# Time of the day



## 4star (Sep 11, 2005)

This might be a dumb question or just I'm just too lazy to do a search sorry, what time would be the best to go fox hunting or coyote hunting.


----------



## FurGittr (Jan 24, 2003)

Well if your married,anytime the wife will let ya .Seeing your from Minnesota also,early morning late in the day and roughly four days either side of the full moon at night with snow.I've never had any luck day calling here but plan on trying it on some huge WPA's that I've seen coyotes on during pheasant hunting this year.Dakota's are different,called them in at all times of the day but that's a whole different world there.Envy the guy's that live there during the winter months.


----------



## 4star (Sep 11, 2005)

Can I shoot coyotes in Minnesota? The regulations handbook only talks about foxes.


----------



## the Bender (Mar 31, 2005)

Yes, Coyotes are an unprotected species along with Crows, Skunks, Mangy Cats, Starlings, and Pigeons. 8) Actually I'd be careful about the Cats here in MN. Just look for them wandering too close to the white lines on the highway.


----------



## stainless (Dec 2, 2005)

4 star, when I get home from work I will make a more detailed reply to this for you. I emailed the MN DNR with a variety of questions that are not talked about in the regulation book. basically, the only real law is that you cannot use artificial lights at night.


----------



## 4star (Sep 11, 2005)

Thank you all, you have helped out a lot.


----------



## stainless (Dec 2, 2005)

just wanted to post what he said. This is a pasted copy of the e-mail I recieved from the MN DNR,it gives a few answers to some basic questions a beginner might have that are not in the book.

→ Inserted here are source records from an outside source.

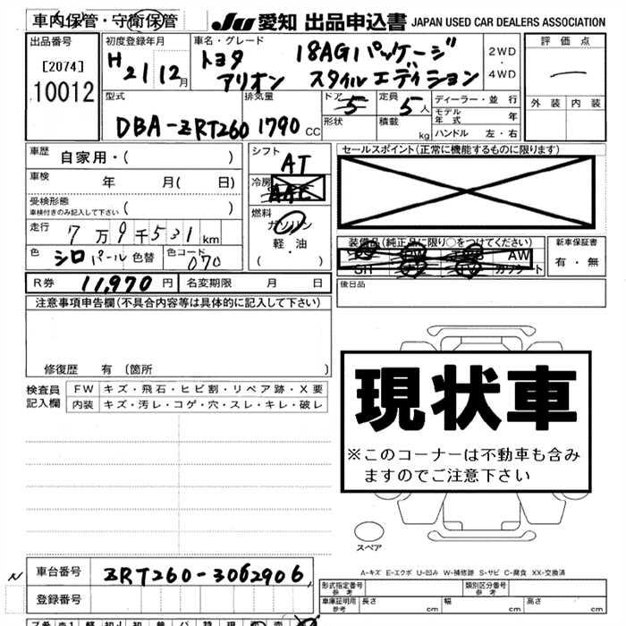 TOYOTA ALLION - лот 10012
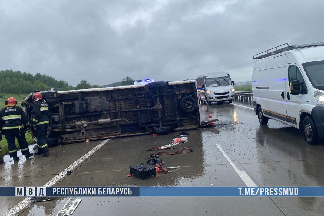 За рулём маршрутки Mercedes был 51-летний водитель. Ехал по маршруту Смолевичи-Минск. ГАИ сообщает, что предварительно, «не учел погодные условия, не справился с управлением и совершил наезд на разделительное ограждение». От этого машина упала на бок.
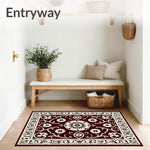 Flatwoven High Traffic Area Rug, Classic Palmette With Intricate Floral Trellis and Scroll Accents, Non Slip, Stain Resistant, Washable Area Rugs for Living Room, Bedroom (Brown) Overview:
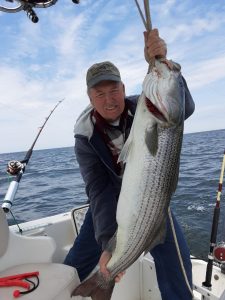 Rockfishing over on the Chesapeake Bay was good before this weeks wind started and should pick right back up after it’s gone. Merrill Eversman submitted this photo of his brother Ron Eversman of Salisbury who caught this 44″ rock trolling umbrella rigs last week at the gas docks in the Chesapeake Bay. Size limit in the Chesapeake is over 19″, coastal size limit is 28″ to less than 35″….I know….dumb.

No license is required for residents, they can be taken at night without the aid of artificial light, no caliber restriction, any where, except during the deer season in the shotgun zone a shotgun must be used and a person would have to be have a valid deer license to carry a gun, so you can nut hunt coyotes unless licensed for deer, but if not during the deer season a person can use any caliber weapon anywhere. 5 days before, 2 days after and during deer season a person can not have a gun out of doors that is capable of taking big game, unless licensed to take deer, that why you can not hunt coyotes during deer season unless licensed to deer hunt. 
There isn't much in the book, because there isn't much restriction for hunting them. Enjoy the hunt. Kevin


----------



## CoyoteChris (Nov 27, 2005)

Is that for shotgun season only or does it include the black powder season that goes until Dec 11th? I have got the book and it said nothing about not using my rifle during any time at all. Maybe its just me but the rule book is confusing and needs to be updated.


----------



## stainless (Dec 2, 2005)

my guess would be that the same rule would apply to muzzle loader but I have no idea. The DNR guy just mentioned shotgun as an example but didnt mention anything else. Although, during bow season does that mean you cant take a coyote with anything other than a bow? I doubt it, maybe it is just a shotgun thing.


----------



## CoyoteChris (Nov 27, 2005)

That scares me because I shot 50 shells off today sighting in my gun. Was it legal or illegal? I didn't even second guess it because there was nothing said about it in the book. To top it off I tracked a coyote that passed behind my house and I did have my rifle on me and of course it was loaded but with the safety on   .


----------



## stainless (Dec 2, 2005)

I find it kind of funny how they post very little information on coyote regulations because there are so few laws protecting them but it's the lack of info that causes so many questions. I would think the safest bet would be to have a deer license in your wallet while hunting coyote during deer season.

I was happy to see that I can use any caliber rifle I chose, now I have an excuse to buy that .50 cal BMG I have had my eye on....lol


----------